Parallelizes Data.content_hash() for large datasets#86

Open
JyotinderSingh wants to merge 2 commits intomainfrom
parallel-hash
Open

Parallelizes Data.content_hash() for large datasets#86
JyotinderSingh wants to merge 2 commits intomainfrom
parallel-hash

Conversation

@JyotinderSingh
Copy link
Collaborator

@JyotinderSingh JyotinderSingh commented Mar 10, 2026

Problem

Data.content_hash() hashes all file contents sequentially in a single thread. For large datasets (e.g. 20 GB across hundreds of thousands of files), this becomes the bottleneck before GCS upload as the method spends most of its time
blocked on I/O reads that could be issued concurrently.

Solution

This change introduces a two-level parallel hashing algorithm:

  1. We first use os.walk to collect all file paths, sorted once at the end for determinism.
  2. Each file is hashed independently (SHA-256(relpath + \0 + contents)) via a ThreadPoolExecutor. Work is submitted in batches of 512 to avoid creating one Future per file (which would mean 1M Future objects for a directory with a million files).
  3. Per-file digests (fixed 32 bytes each) are fed in sorted order into a final SHA-256("dir:" + digest_1 + digest_2 + ...).

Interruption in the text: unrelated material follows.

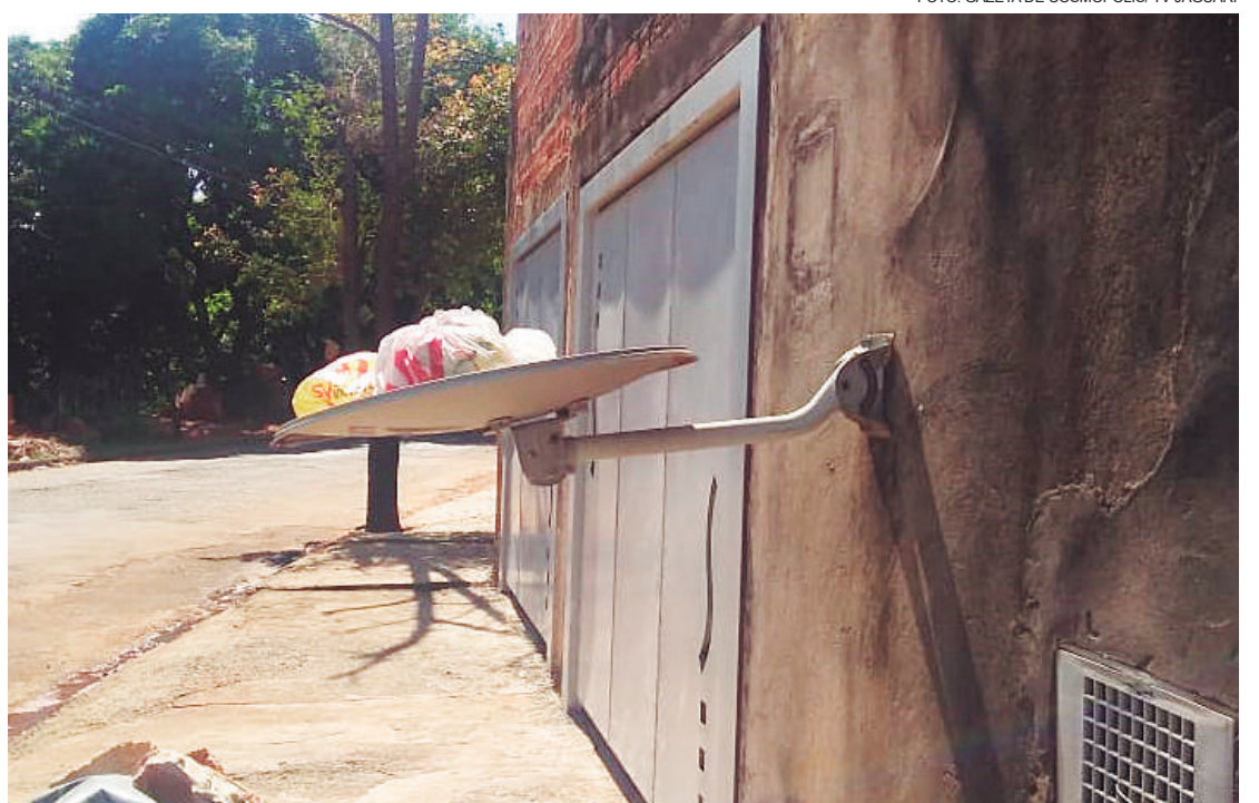
Criatividade para reaproveitamento: morador da Rua Jaguariúna fez uma adaptação com uma antena parabólica, reciclando e usando como lixeira

The GIL is released during open(), read(), and hashlib.update() (for inputs > 2048 bytes), so threads achieve real I/O parallelism and saturate SSD/NVMe queue depth across multiple NAND channels.

Design decisions

Decision Rationale
ThreadPoolExecutor over multiprocessing I/O-bound workload; GIL released during file I/O and hashing. Avoids process creation and serialization overhead.
Batch size of 512 Balances thread scheduling overhead vs. parallelism. Reduces Future count from 1M to ~2K for million-file datasets.
Threshold of 16 files Small directories skip thread pool creation entirely — avoids overhead for the common case in tests and small datasets.
Worker count min(32, cpu_count + 4) Python stdlib default for I/O-bound work. Capped at 32 to limit file descriptor usage (reference)
Two-level hash (per-file then combine) Enables independent parallel hashing while maintaining determinism.

Breaking change

This changes the hash algorithm from single-pass incremental to two-level, so existing hash values will differ. This is acceptable.

Benchmarking

I used a one-off benchmarking script to understand the performance characteristics of the multi-threaded approach. The following numbers were captured on an 2021 Macbook Pro with an M1 Pro processor.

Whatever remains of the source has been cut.